In National Bank v. Commonwealth, the court observes: “The principle we are discussing has its limitation — a limitation growing out of the necessity on which the principle itself is founded. That limitation is that the agencies of the federal government are only exempted from state legislation, so far as that legislation may interfere with or impair their efficiency in performing the functions by which they are designed to serve that government. Any other rule would convert a principle, founded alone in the necessity of securing to the government of the United States the means of exercising its legitimate powers, into an unauthorized and unjustifiable invasion of the rights of the states. The salary of a federal officer may not be taxed; he may be exempted from any personal service which interferes with the discharge of his official duties, because those exemptions are essential to enable him to perform those duties. But he is subject to all the laws of the state which affect his family or social relations or his property; and he is liable to punishment for crime, though that punishment be imprisonment or death. So of the banks. They are subject to the laws of the state, and are governed in their daily course of business far more by the laws of the state than of the nation.

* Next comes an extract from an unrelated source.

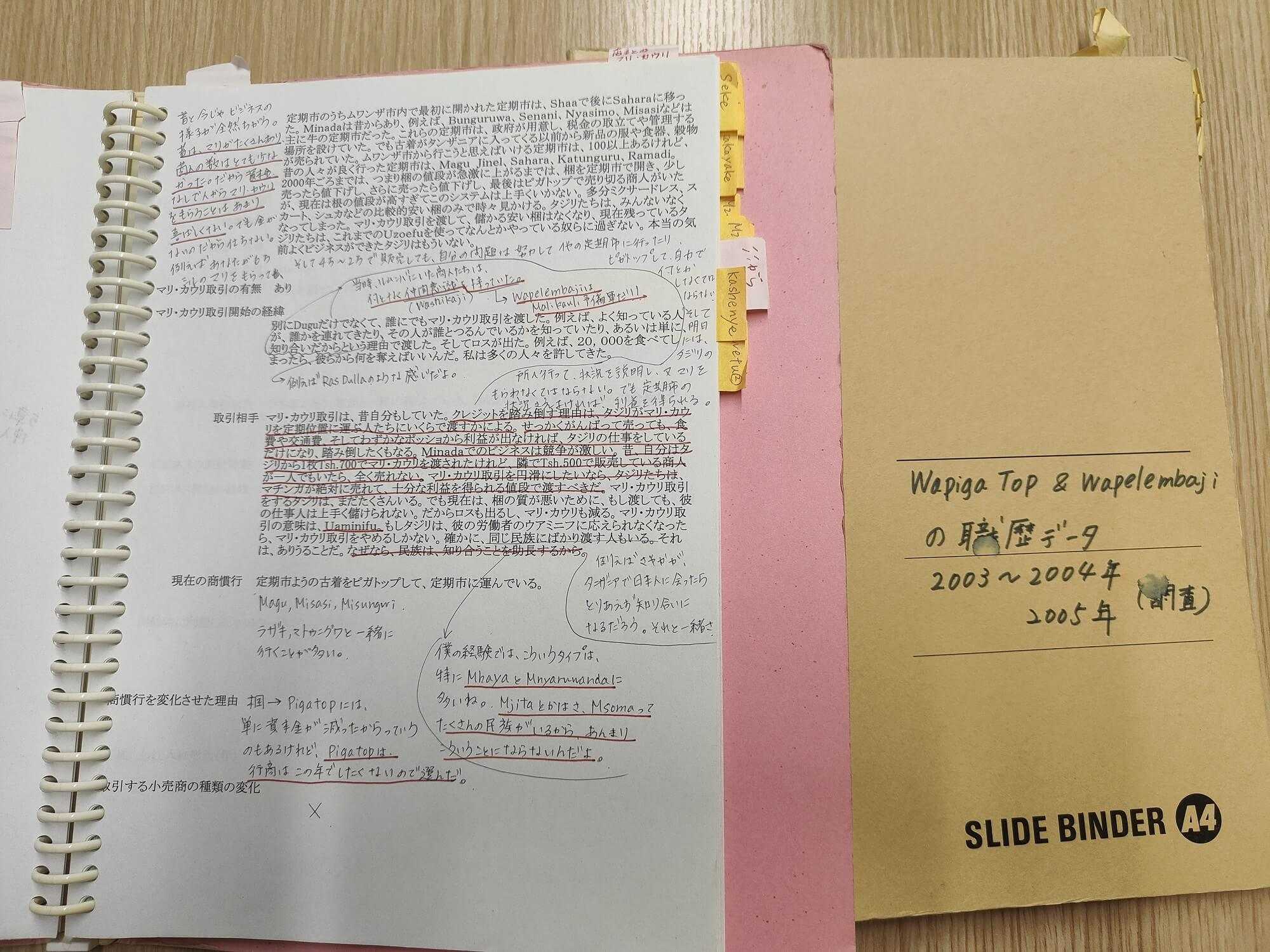 ただ、正直に言うと、それらの情報がどんな成果に結びつくかなど、まったく考えていませんでした。私が現地で毎日考えていたのは、仲間の商人たちを知り、彼らの間でうまく立ち回り、日銭を稼いで商人たちに仲間として認められ、日々を生きぬいていくことだけでした。それでも、六か月、一年と地道に集めた情報を繋ぎあわせると、古着商売や商慣行のしくみや複雑な人間関係がよくわかってきます。それと同時に、たくさんの疑問も湧いてきます。特に私が漫然と書き留めていた人間関係の諸々は、騙しあいや裏切りを織り込んで成立している彼らの商世界について思考する基盤となっていきました。

All their contracts are governed *561and construed, by the state laws. Their acquisition and transfer of property, their right to collect their debts, and their liability to be sued for debts are all based on state law. It is only when the state law incapacitates the bank from discharging their duties to the government that it becomes unconstitutional.”
We conclude, therefore, that national banks are only exempted from state legislation to the extent that such legislation impairs their efficiency to perform the functions which they were designed to serve, and that the legislation here proposed does not have this effect.
It is true that it is urged that defendant’s assets will be depleted pro tanto by requiring it to pay this money over to the State; but it is also true that its liabilities will be extinguished to the same extent, and the objection is without merit.
The judgment is affirmed. Affirm:ed.